We drive near the Mekong river, just past a large open air market to a cramped building. An A/C room for $15, the only one available. The folks appear to be nice, so I take it…it sort of busts my budget but, well, what other option?

The tuk-tuk driver asks whether I would hire him for the next day. I ask about the rate, and he says whatever I gave in Siem Reap, that will be the same here. So I say $10 for the full day, and he readily agrees.

I unload, shower, then walk to the riverside through the busy market. Phnom Penh is a city that I think I can grow to like. Busy with life, which has a ghost hanging in its history that gives a totally different perspective on this city.

April 17, 1975. Where was I? We might have returned from Jim Corbett National Park just a few weeks ago and I had dived headlong into the Spring semester in JNU. That was the day when Khmer Rouge walked into Phnom Penh at about 8 in the morning. A recent article by a resident describes the day in these words (I am quoting from memory):

By 9AM, the initial trickle of a few bedraggled, tired soldiers in black uniform swelled into masses of grim faced armed soldiers. Then they stopped coming. The city was silent. By noon, there were tired patients, some in wheel chairs, some still carrying serum pouches, were walking down the street—the Khmer Rouge had evacuated the city hospitals. By 1:30 the city began to empty out—every man, woman and child were either walking or riding a bicycle or were in push carts through the road, being silently watched by soldiers in black uniform. By evening the city had emptied itself. Phnom Penh was a ghost city by the end of that evening, with people only in the foreign embassies. What happened afterwards is mind-boggling. I remember the utter confusion in those days in my mind: Is Prince Norodom Sihanouk, who took refuge in Peking several years earlier, who gave the call to millions of rural Cambodians to rise up against Lon Nol, the rightwing despot, to form the Khmer Rouge the good guy? Is Khmer Rouge against Vietnam or for Vietnam in the US-Vietnam war? Which side is the US in all of this, after its carpet bombing campagn for three years over Cambodia? I remember the enthusiastic response of JNU Marxists in the early days when Khmer Rouge was winning, only to fall strangely silent as weeks passed by after the fall of Phnom Penh.

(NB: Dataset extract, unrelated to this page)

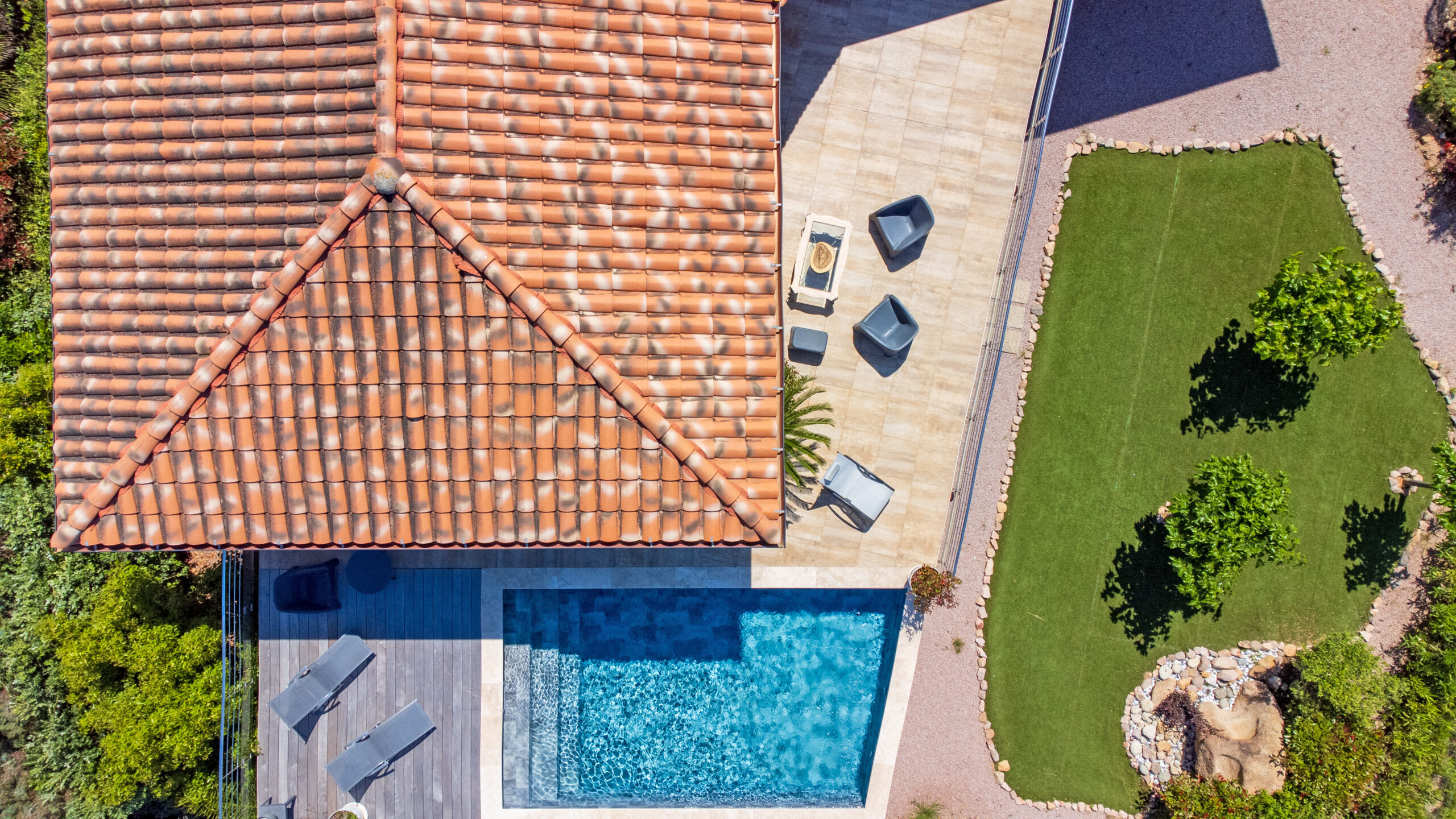 De larges baies vitrées s’ouvrent sur une terrasse ensoleillée, avec piscine, orientée vers la mer et le maquis. L’espace extérieur offre un vrai prolongement de vie, dans un cadre naturel apaisant.

I sit in a restaurant by the Mekong, an old building that harks back to the French Colonial days, in a cane sofa, and try to write a defense of Khmer Rouge. A full moon rises over the Mekong, against which a constant flow of motobikes and bicycles and cars passes by.

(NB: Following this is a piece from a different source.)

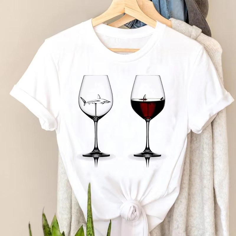 T-shirts Tee Fashion Trend Short Sleeve Women Ladies Tshirt Top Wine Style Trend Printing Lady Print Travel Graphic T-Shirt

Imagine being a villager in Cambodia for generations, being tied to the land, with ancestral memories reaching into the dark crevices of time, and then on a wet monsoon day, you look up into the sky, into the dark clouds and hear the drone of strange birds high above, and then little dots come down in formation, like a flock of cranes over green wet rice fields blanketed by fresh rains, and the dots become larger by the second, and then you hear a series of sharp whistles, and the sky falls apart in thunder and lightning and fire and smoke, and the only world that you knew blow up on your face. And this continues every night for over two years, 1971-1973. What will you do? Will you not rise up against the only symbol of this misery that you can identify, the city folks led by the American stooge, Lon Nol, who betrayed the prince who abdicated his throne to embrace democracy, who had to flee to a foreign country because he wanted Cambodia to be neutral in the war across its borders, and yet those city folks led by Lon Nol and his cronies made secret pacts with a country thousands of miles away who rains fire and destruction on your dreams?

So they did. That much is reasonable.

But what was not reasonable is what happened afterwards.

What happened afterwards was the result of nothing but the last throes of primitive thinking influenced by historical determinism—the sense of historical inevitability, and the ideal that our future can be planned in a grand scale.

Primitive determinism was already rejected by our western philosophers at least half a century before the fall of Phnom Penh, but in real life, its rejection is still to come, even after we countenanced what happened in Cambodia.

For now, I must go back to bed, to be ready for my driver tomorrow.